One reason that it took so long to get the film to the screen was because Selznick only wanted one man to play Rhett Butler, Clark Gable. Gable was under contract to MGM, who wasn’t about to lend Gable to another studio. Lending actors to other studios to make movies was a common practice, but by the late 30’s Gable was such a hot property and screen idol that MGM wouldn’t lend him. To give you an idea of just how idolized Gable was, check out this video of a pre-Oz Judy Garland singing a love song to a Gable photograph:

In order to get Gable, Selznick negotiated an exorbitant deal with Sam Goldwyn’s father-in-law, Louis B. Mayer, in which he took on huge financial obligation, and gave MGM distribution rights.

But. He got Gable.

And for Scarlett O’Hara? The drama was no less intense. Selznick, for publicity, announced a 1400-person casting call for actresses to read and audition for the part. The gimmick did generate a swell of publicity for the film, but didn’t produce someone for the role. Instead, a veritable Who’s Who of Hollywood actresses (and their agents) were lobbying and working the phones for the part of Scarlett, including Katherine Hepburn, Jean Arthur, Tallulah Bankhead, Joan Bennett, Paulette Goddard, Susan Hayward, Vivien Leigh, and Lana Turner.
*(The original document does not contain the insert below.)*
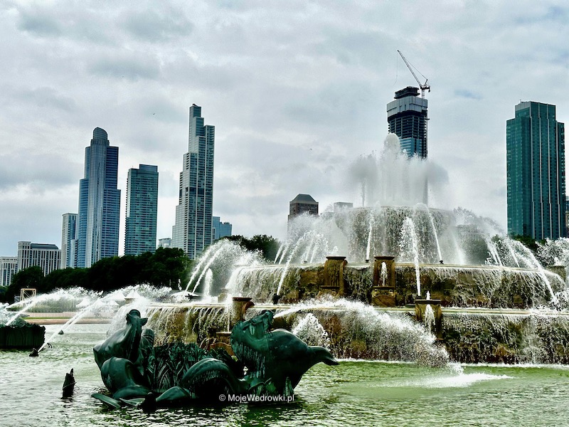 W Millenium Park obowiązkowy punkt to fontanna Clarence F. Buckingham Memoriał Fountain i Cloud Gate = Fasolka.

In the end, it came down to Paulette Goddard (who had starred opposite Gable in It Happened One Night, in 1934) and Vivien Leigh; Selznick’s choice was Goddard, but controversy over her marriage to Charlie Chaplin caused him to opt for Leigh.

Despite the casting problem, the end result was that Gone With The Wind won ten Oscars and became the all-time grossing movie production up to that time; it took another 25 years for a film to earn more than GWTW. According to Wikipedia, when adjusted for monetary inflation, is still the most successful film in box-office history.